Department of Neurology, Loma Linda University Medical Center, Loma Linda, CA.
J Clin Neuromuscul Dis. 2023 Dec 1;25(2):59-62. doi: 10.1097/CND.0000000000000464.
Anti-neurofascin-155 IgG4 (NF-155) antibody disease has previously been associated with a subset of patients with chronic inflammatory demyelinating polyradiculoneuropathy. We report a case of NF-155 positive polyneuropathy that initially presented as an acute inflammatory demyelinating polyradiculoneuropathy. The patient responded appropriately to treatment but subsequently progressed over a 3-month period, resulting in quadriplegia, areflexia, and oculobulbar paralysis.
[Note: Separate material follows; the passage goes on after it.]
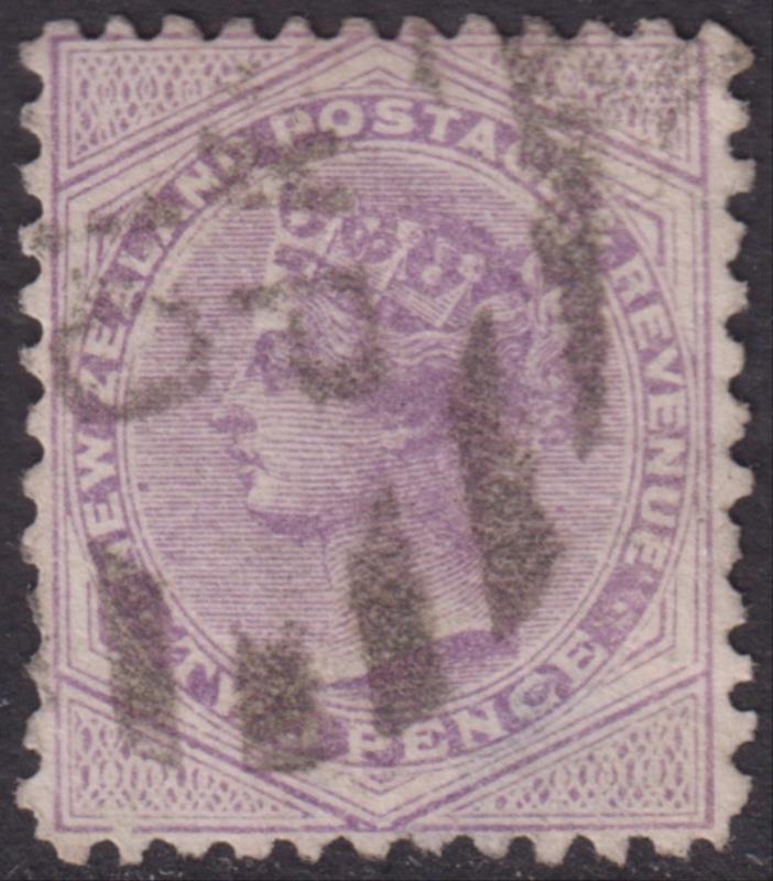 Lyell (WP 1870-1963) good fairly complete "WP/10" barred obliterator on 2d SSF, p12 x 11½. Scarce. Gold mining. (Image)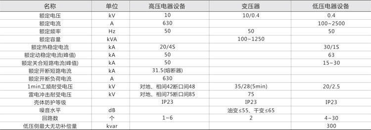 1. 本產(chǎn)品由高壓配電裝置、變壓器及低壓配電裝置聯(lián)接而成,分成三個(gè)功能隔室,即高壓室、變壓器室和低壓室,高、低壓室功能齊全,高壓側(cè)一次供電系統(tǒng),可布置成環(huán)網(wǎng)供電、終端供電、雙電源供電等多種供電方式,還可裝設(shè)高壓計(jì)量元件,滿足高壓計(jì)量的需求。變壓器室可選擇S9、SC以及其他系列低損耗油浸式變壓器或干式變壓器;低壓室根據(jù)用戶要求可采用面板或柜裝式結(jié)構(gòu)組成用戶所需供電方案,有動(dòng)力配電、照明配電、無(wú)功功率補(bǔ)償、電能計(jì)量和電量測(cè)量等多種功能,滿足用戶的不同要求。并方便用戶的供電管理和提高供電質(zhì)量。

Case report and literature review.
A 40-year-old male presented with acute bilateral arm and thigh weakness, areflexia, and distal sensory loss. Treatment with intravenous immunoglobulin (IVIg) for acute acquired demyelinating neuropathy resulted in initial improvement but subsequent decline. Lack of response to additional IVIg and plasmapheresis (PLEX) prompted testing for NF-155. Treatment with rituximab and steroids resulted in virtually complete recovery.
Early testing for nodal and paranodal proteins is indicated in patients who present with acute acquired demyelinating neuropathy but fail to respond to conventional treatments, such as IVIg or PLEX. Identification of nodal and paranodal antibodies should prompt treatment with rituximab and steroids to increase likelihood of recovery.
抗神经束蛋白-155 IgG4(NF-155)抗体病以前与慢性炎症性脱髓鞘性多发性神经病的一部分患者有关。我们报告了一例 NF-155 阳性多发性神经病,最初表现为急性炎症性脱髓鞘性多发性神经病。该患者对治疗有适当反应,但随后在 3 个月内进展,导致四肢瘫痪、反射消失和眼肌瘫痪。
病例报告和文献复习。
一名 40 岁男性出现急性双侧手臂和大腿无力、反射消失和远端感觉丧失。急性获得性脱髓鞘性神经病的静脉注射免疫球蛋白(IVIg)治疗最初有改善,但随后病情恶化。对额外的 IVIg 和血浆置换(PLEX)没有反应促使检测 NF-155。利妥昔单抗和类固醇治疗导致几乎完全恢复。
对于出现急性获得性脱髓鞘性神经病但对 IVIg 或 PLEX 等常规治疗无反应的患者,应早期检测神经结和神经旁蛋白。识别神经结和神经旁抗体应提示使用利妥昔单抗和类固醇进行治疗,以提高恢复的可能性。